Supplied data:
============

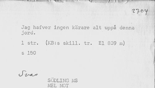 //// - //// - — - '*< ' T?'*-!' < '"'< '^'"Mt.-a //// Jag hafver ingen kärare alt uppå denna ! //// jord. //// 1 str. (KB:s skill. tr. El 839 m) //// s 150 //// i //// SODLING MS //// MEL NOT ////
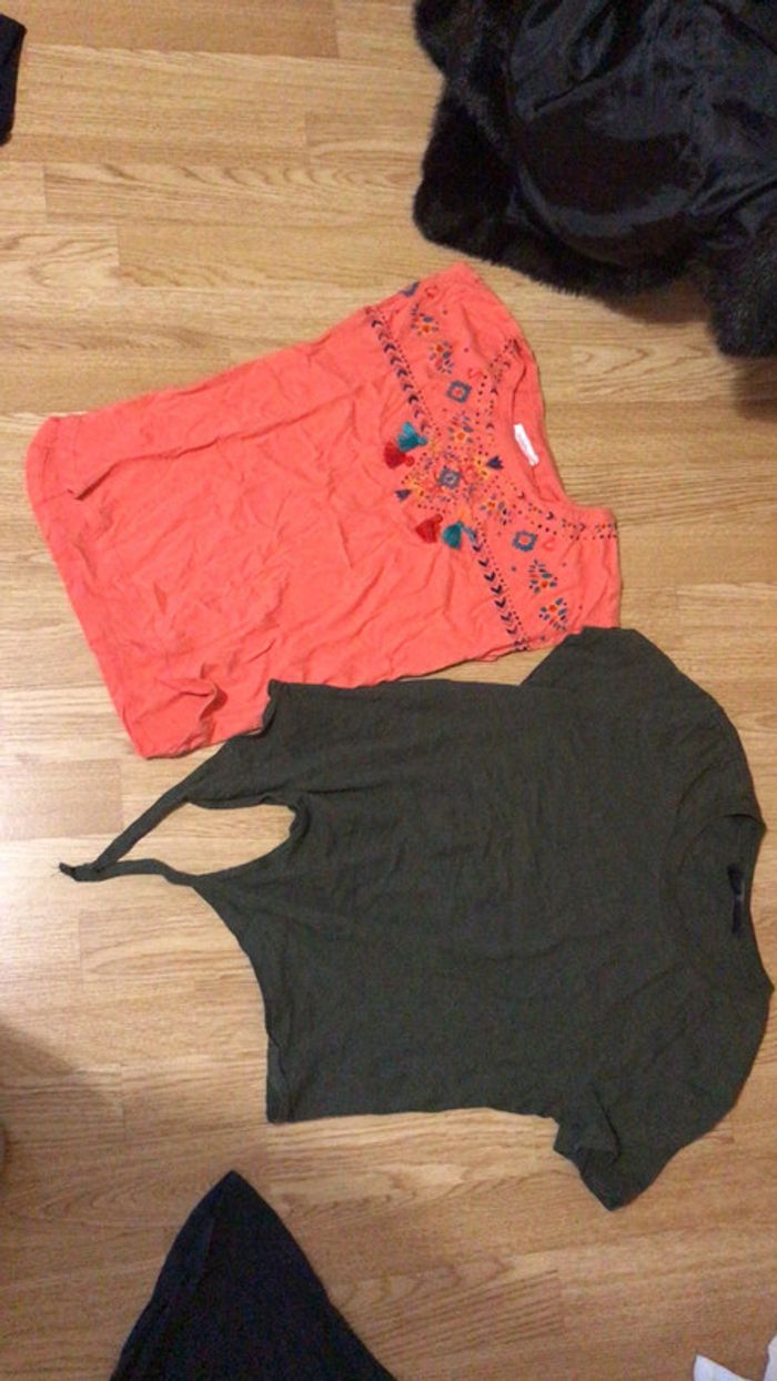 Lot 2 t-shirt kaki Tally Weil a nouer manches courtes et orange corail sans manches à ponpon 10 ans
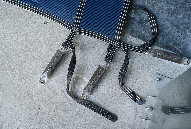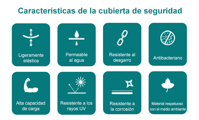 La capa exterior está recubierta de PVC y se añade un estabilizador antiultravioleta; Después de un proceso especial de protección contra el moho, se garantiza que la cubierta todavía pueda inhibir eficazmente la cría de moho en un ambiente húmedo; El sistema de atadura se puede bloquear para dificultar que los niños manipulen o retiren la tapa de Seguridad.
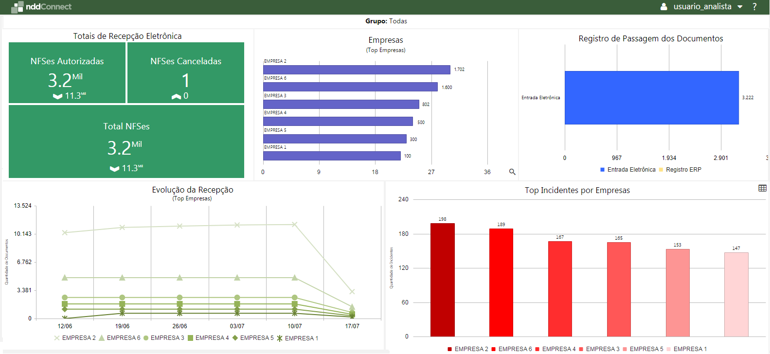 Através da visão de Detalhes de Grupo, é possível avaliar os totais de documentos eletrônicos recepcionados, bem como, as empresas do grupo que mais recepcionaram documentos no período filtrado. Além disso, são contabilizadas as manifestações efetuadas para os documentos e as origens destes. Os gráficos de evolução permitem que sejam comparados a recepção de documentos com relação a períodos anteriores. O mesmo ocorre para a evolução dos incidentes, onde é possível comparar a ocorrência de incidentes entre as empresas do grupo. Para os incidentes, ainda é possível identificar as empresas que mais tiveram ocorrências.

============

Task to complete: Look above for the line with "Lot 2 t-shirt" and the line with "La capa exterior"; set down those two lines and all lines between them exactly, without pictures and without anything else.

Written reply:
 Lot 2 t-shirt kaki Tally Weil a nouer manches courtes et orange corail sans manches à ponpon 10 ans
 La capa exterior está recubierta de PVC y se añade un estabilizador antiultravioleta; Después de un proceso especial de protección contra el moho, se garantiza que la cubierta todavía pueda inhibir eficazmente la cría de moho en un ambiente húmedo; El sistema de atadura se puede bloquear para dificultar que los niños manipulen o retiren la tapa de Seguridad.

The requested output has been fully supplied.